Micheal Burry, the investor famous for foreseeing the subprime mortgage crisis and profiting from it, has a short position worth US$534 million against the electric vehicle maker Tesla Inc (NASDAQ:TSLA), a regulatory filing has revealed.
According to the form 13-F of Scion Asset Management, the company is long puts against 800,100 shares of billionaire Elon Musk-headed company – that translates to US$534 million by the end of the first quarter ended March 2021.
As the owner of a put option can sell 100 shares per contract held, Burry owns 8,001 put contracts. The value, strike price, or expiry of the put contract is, however, unknown.
An agreement that gives seller an option to sell the shares at a pre-determined price, is more valuable when the price of the asset decreases – which, in a way conveys a bearish position on a particular stock by that investor.
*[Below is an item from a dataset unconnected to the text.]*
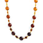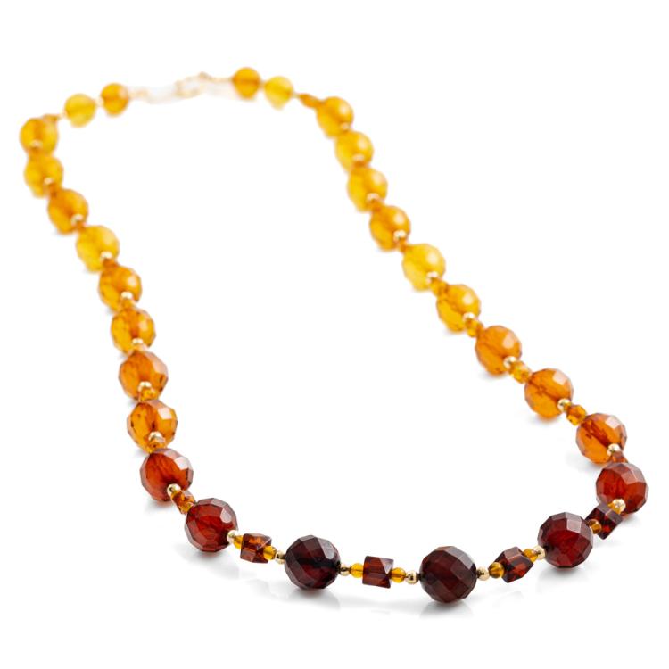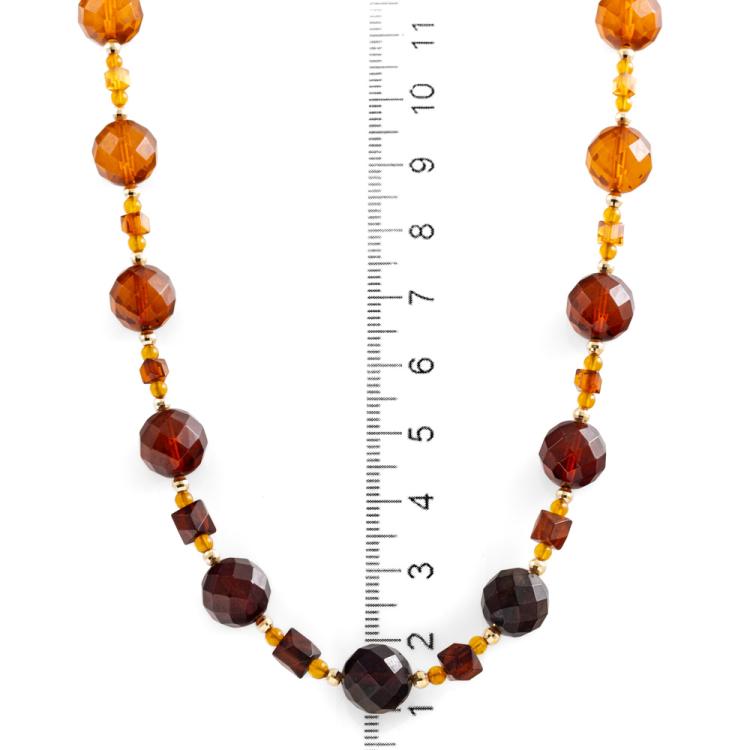 Amber necklace with round & square Natural Amber stones of 9.5mm and 2.4mm and gold beads. 18ct yellow gold clasp. Length: 59cm. Weight: 15.2g. (Pre-owned)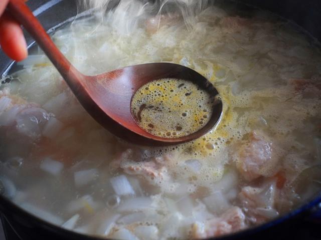 肉や魚から出る灰汁は、主にタンパク質や脂質の変性したもので、白い泡状になります。一方、野菜や山菜の灰汁は、主にタンニン、シュウ酸などの成分です。

Mr Burry, the CEO of Scion Asset Management, shot to fame after he bet against mortgage securities before the 2008 crisis – which is chronicled in the book named ‘The Big Short’ and an Oscar-winning movie of the same name.
Earlier in February, Mr Burry had tweeted that according to him, Tesla may have timed its US$1.5 billion purchase of Bitcoin to distract from its China woes – where regulators had summoned the company over quality concerns. Interestingly, his Twitter profile doesn’t exist anymore, after months of public tweets warning investors about market bubble. The move had come just weeks after he told his followers that his tweets about market trends had summon from the US Securities and Exchange Commission.
Also Read: Has Tesla dumped Bitcoin holdings? Elon Musk drops a hint
Tesla, which has seen turbulent times in 2021, has seen its share slump 34% in past four months from its life-high – taking it officially into the bear zone. Overnight as well, the company’s shares tanked 2.19% in New York.
After today’s fall in the share prices, Mr Musk, once world’s richest for a brief time, has ceded the second richest slot to French tycoon Bernard Arnault. In the overnight trade of shares, Mr Musk lost US$3.16 billion of his wealth, according to Bloomberg Billionaires Index.